(Dataset records)
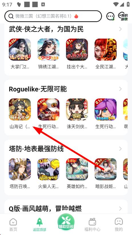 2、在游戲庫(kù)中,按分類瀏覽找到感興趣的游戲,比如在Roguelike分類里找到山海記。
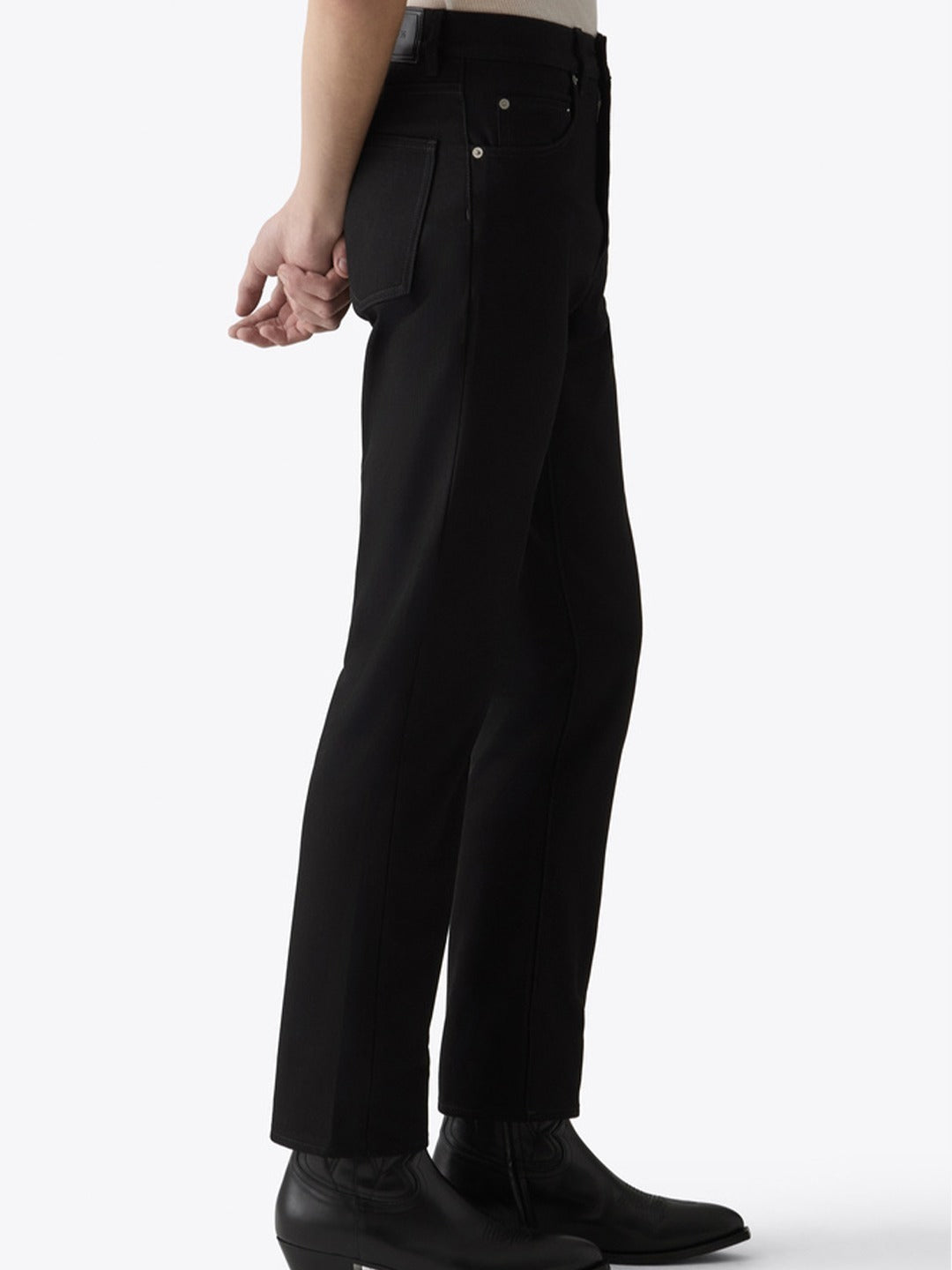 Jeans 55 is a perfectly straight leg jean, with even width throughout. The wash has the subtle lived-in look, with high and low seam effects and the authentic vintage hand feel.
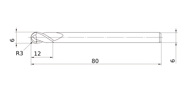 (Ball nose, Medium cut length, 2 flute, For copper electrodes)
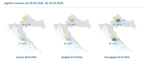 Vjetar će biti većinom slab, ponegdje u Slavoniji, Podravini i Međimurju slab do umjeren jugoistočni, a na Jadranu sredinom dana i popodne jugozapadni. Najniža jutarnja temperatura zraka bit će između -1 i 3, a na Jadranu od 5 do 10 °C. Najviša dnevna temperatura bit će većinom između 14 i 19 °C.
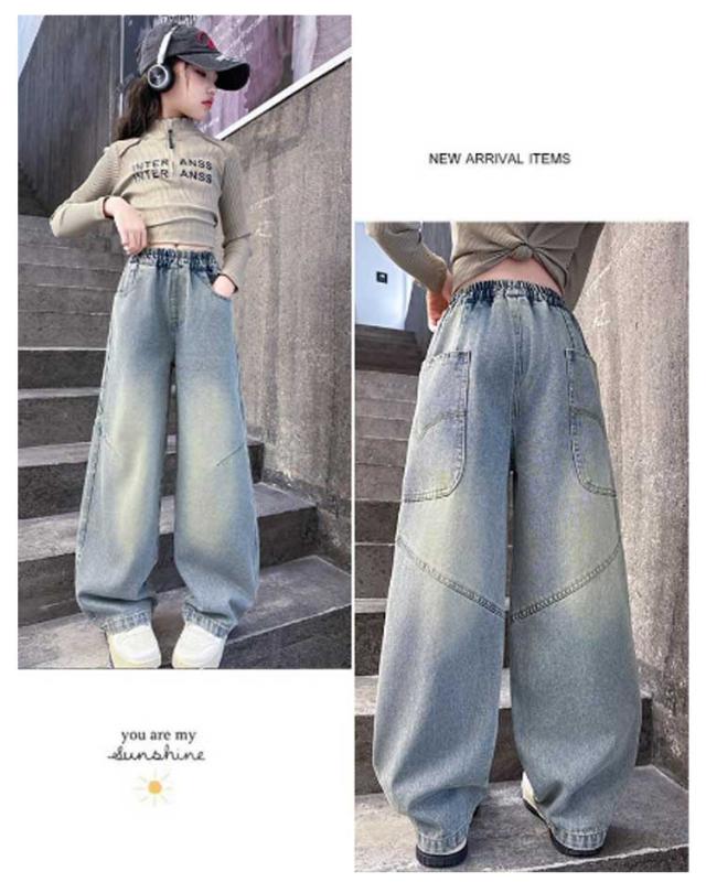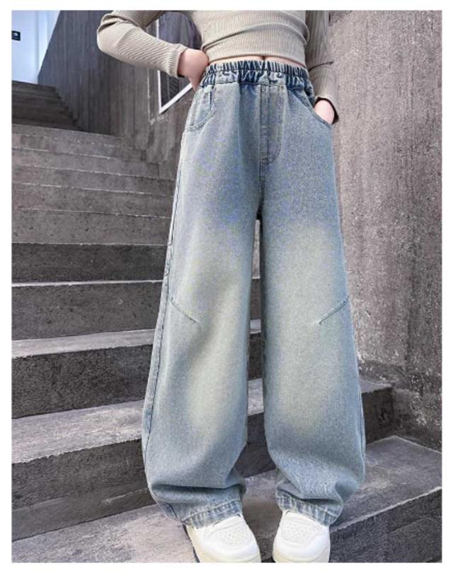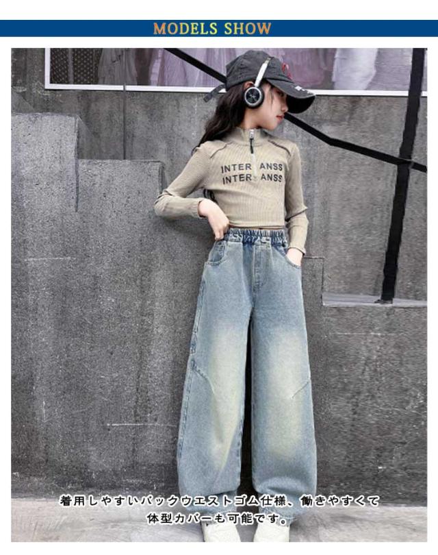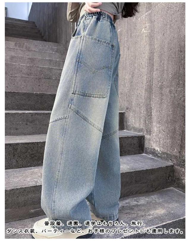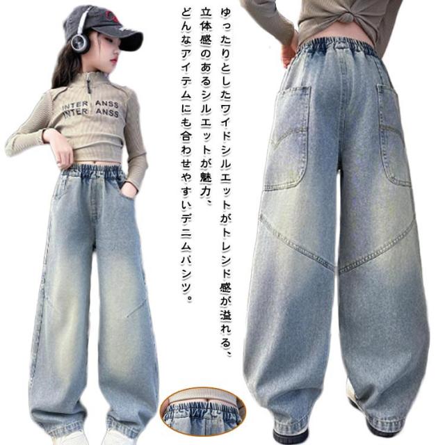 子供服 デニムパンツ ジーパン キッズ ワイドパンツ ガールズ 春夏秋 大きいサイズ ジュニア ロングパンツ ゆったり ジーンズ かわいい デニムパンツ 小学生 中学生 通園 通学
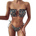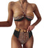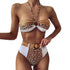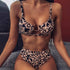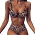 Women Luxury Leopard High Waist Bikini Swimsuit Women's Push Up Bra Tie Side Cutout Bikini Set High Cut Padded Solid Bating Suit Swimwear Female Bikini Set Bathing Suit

> **AIM OF THE TASK**: Copy exactly the lines from the line containing "Jeans 55 is" through the last line of the records, both included, and omit every picture.

> **SOLUTION**:
 Jeans 55 is a perfectly straight leg jean, with even width throughout. The wash has the subtle lived-in look, with high and low seam effects and the authentic vintage hand feel.
 (Ball nose, Medium cut length, 2 flute, For copper electrodes)
 Vjetar će biti većinom slab, ponegdje u Slavoniji, Podravini i Međimurju slab do umjeren jugoistočni, a na Jadranu sredinom dana i popodne jugozapadni. Najniža jutarnja temperatura zraka bit će između -1 i 3, a na Jadranu od 5 do 10 °C. Najviša dnevna temperatura bit će većinom između 14 i 19 °C.
 子供服 デニムパンツ ジーパン キッズ ワイドパンツ ガールズ 春夏秋 大きいサイズ ジュニア ロングパンツ ゆったり ジーンズ かわいい デニムパンツ 小学生 中学生 通園 通学
 Women Luxury Leopard High Waist Bikini Swimsuit Women's Push Up Bra Tie Side Cutout Bikini Set High Cut Padded Solid Bating Suit Swimwear Female Bikini Set Bathing Suit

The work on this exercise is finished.